One other significant assumption that we’re making here is that all people accept and follow through on their nomination. In turn, each person nominated goes on and nominates another 3 people who haven’t yet had a go at the challenge.

So on Day 1 we have **1 person**.

On Day 2 we have **3 people.**

How many people will we have on Day 3?

If each of the 3 people from Day 2 nominate 3 people each, we’ll now have **9 people**.

So what’s the pattern here? Each day the number of people taking part is three times the number of people from the day before. This is what we call exponential growth. So let’s watch the numbers take off and reach 18 000 000 in just 16 days!

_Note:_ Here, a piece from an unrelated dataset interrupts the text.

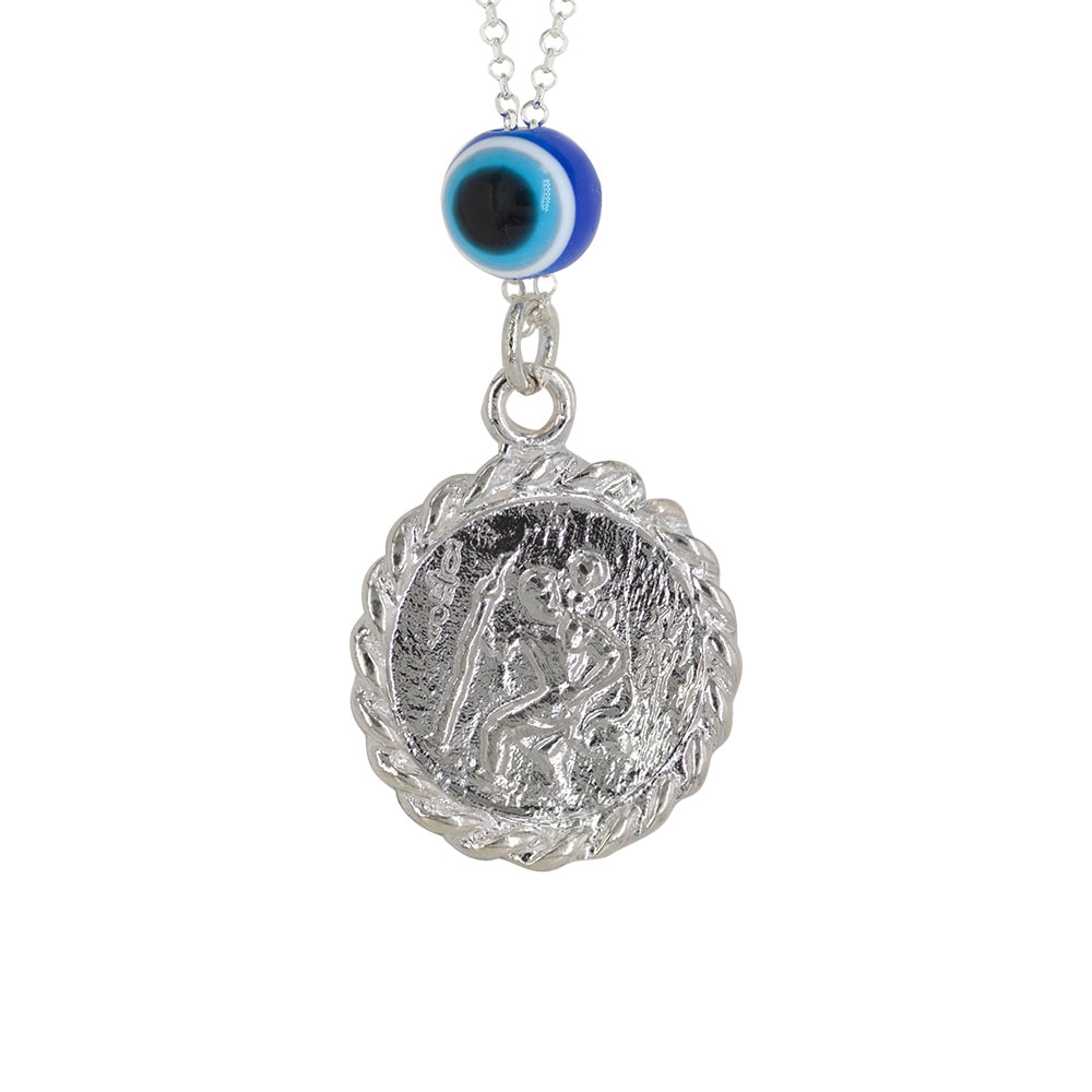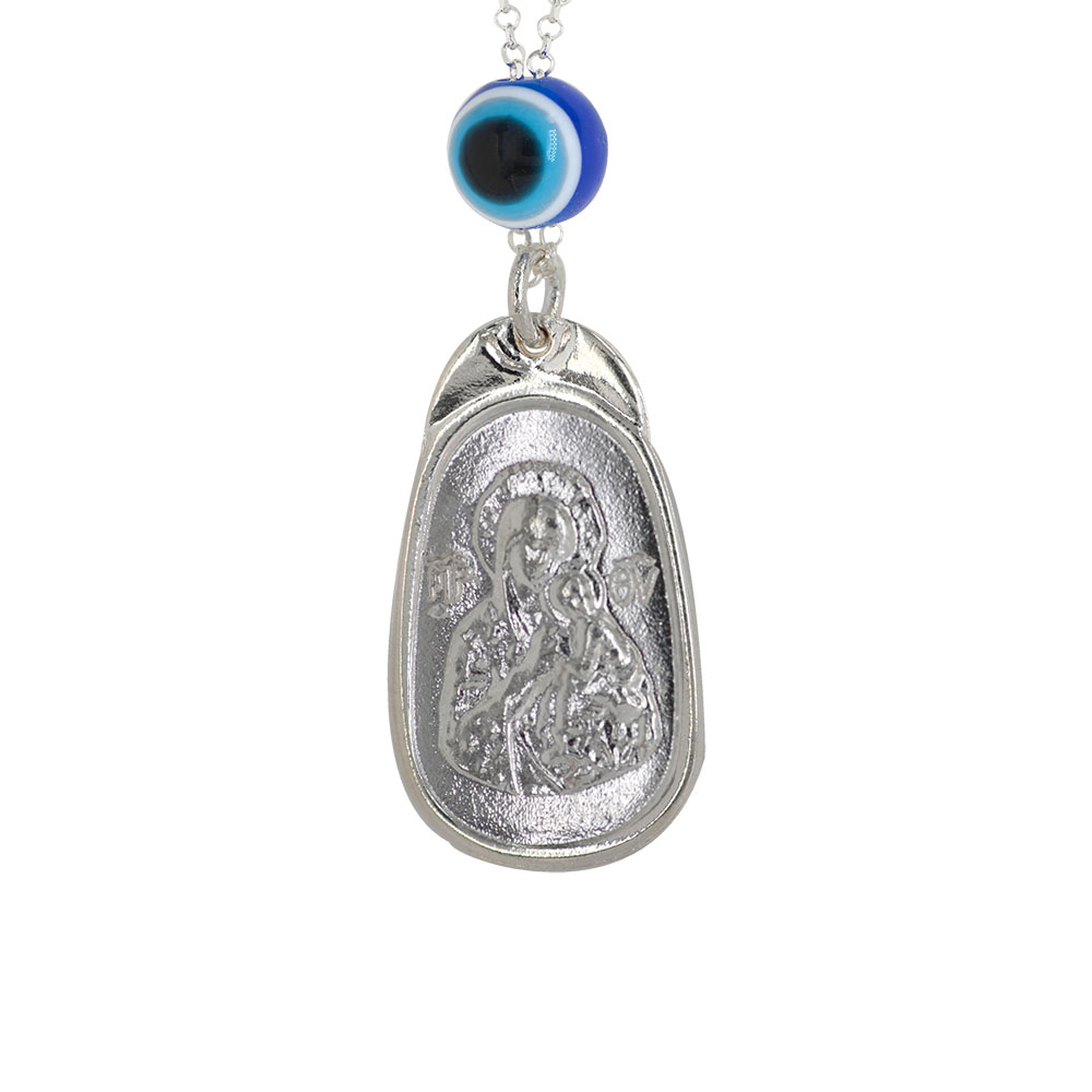 Ασημένιο φυλακτό αυτοκινήτου διπλής όψεως με τον Άγιο Χριστόφορο και την Παναγία και μπλέ χάντρα ή ματάκι

**Day Number of Total Number**

** New People of People**

### 1 1 1

### 2 3 4

### 3 9 13

### 4 27 40

### 5 81 121

### 6 243 364

### 7 729 1 093

### 8 2 187 3 280

### 9 6 561 9 841

### 10 19 683 29 524

### 11 59 049 88 573

### 12 177 147 265 720

### 13 531 441 797 161

### 14 1 594 323 2 391 484

### 15 4 782 969 7 174 453

### 16 14 348 907 21 523 360

How many days did your kids guess? I bet they didn’t believe you when you told them it was only 16 days. But as we can see, with a few simple and fairly realistic assumptions, the mathematical model doesn’t lie!

Exponential growth is powerful. It’s the reason people modelling an Ebola outbreak feel alarmed and why people modelling the advancements of technology are so excited.